How to extract question and answer pairs from telegram chat using Python pandas?

Updated: Oct 10, 2020

What? Extract questions and answers pairs from telegram chats? How is it possible? How to do it? These were some of the few questions that came up to my mind when this assignment was given to us as a part of a training course. It seemed impossible to me, because I never thought that I could extract chat history and manipulate the data. I never believed that it would be this easy to extract chat history and filter data using various criteria until I tried it out and saw the desired output.

Amazing and Interesting isn’t it?

So, without wasting much time let’s get into the steps of how to go about extracting the chat history from telegram and filtering question and answer pairs from it.

First, let’s talk about the problem statement of the assignment:

The assignment was to extract the chat history from “Eradicates Diabetes” a community chat group and filter out only the question and answer pairs that were answered by the group admins “Tim” and “Raj”.

Some insight about “Eradicate Diabetes(ED)” - ED is a community chat group which unites the masses together to combat the problem using the power of crowdsourced healthcare. They help people in reversing their Type 2 diabetes by providing information and support. They not only help in reversing Type 2 diabetes, but also believe in holistic treatment of the organs like the liver, kidneys & heart that have been damaged over years of abuse. They have been advising on Herbal based treatments combined with dietary and lifestyle modifications that have been proven to successfully reverse diabetes.

Following are the steps I followed to go about achieving the required results:

Step1: Extracting the chat history in to JSON file

Go to telegram, and select the chat (I have used ED, but you can use any chat) from which you want to export the chat history, and click on the three dots in the right side top corner. A small menu opens up and you can see an option called “Export chat history” as shown below:

  • Click on the “Export chat history” option. A small window pops up with export options and file format selection etc. as shown below:

In the popup, select all the types of files that are required to be extracted from the chat. Telegram provides 2 file formats : HTML and JSON. By default, it extracts in HTML format, if you want to extract it in JSON format, click on Format: HTML . It will open up another popup where you can select JSON file format and click on “Save”. Once all the settings are selected, click on “Export” at the bottom corner.

The downloaded files can be found in the downloads folder in the computer or the device.
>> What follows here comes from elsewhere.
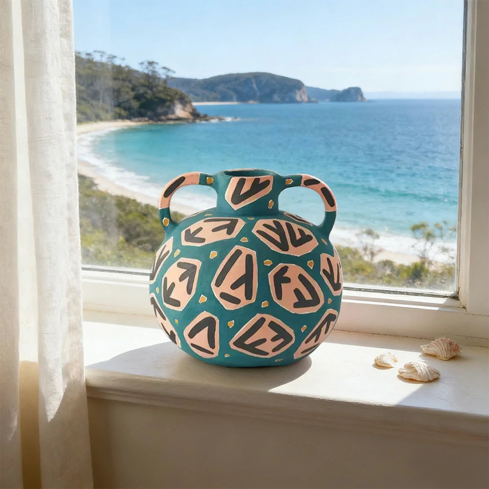 LIVARA Rune Ceramic Vase - Sculptural Double-Handle Design with Hand-Painted Symbol Pattern, Handcrafted Artistic Decor for Modern Interiors - Green

Step 2: Analyzing the extracted JSON file to decide on what information is relevant

Data analysis and data cleansing are the most important step in any project in data science. To do that, first,

  • Analyze the data, how it is structured, what are the various attributes captured and how each and every attribute are related to each other.

  • Analyze the data stored in those attributes, that is you need to understand the kind of data stored like integer, strings etc.

  • Analyze and separate the relevant data attributes and not so important ones.

  • Remove unwanted data if required

These are some of the steps I followed, but you can add more according to the requirement. Remember, please do not jump immediately to start coding, without this most important step. If you forget to do this step, then you may end up spending more time to get the o/p as the understanding of data is more important than anything else in data science.

Step 3: Working on the JSON file to get the required output using python pandas

According to me, the smaller and cleaner the dataset, the output will be more accurate and can be validated easily. So, I would like to make my dataset smaller as much as possible according to the requirement and then start applying the logic to get the desired output.

After analyzing the data thoroughly, you can start code. I used Kaggle notebooks to do this assignment. Any IDE that supports python pandas can be used.

  • Open a new notebook in kaggle.com

  • Give a proper name for the notebook. Eg, ED Telegram chat extraction

  • Click on “ Add data” in the right pane top and add the input file which is nothing but the extracted JSON file.

Please check the screenshot given below:

The extracted data stored in JSON file has the following format. We are interested only in the messages tag and every message has a large set of attributes.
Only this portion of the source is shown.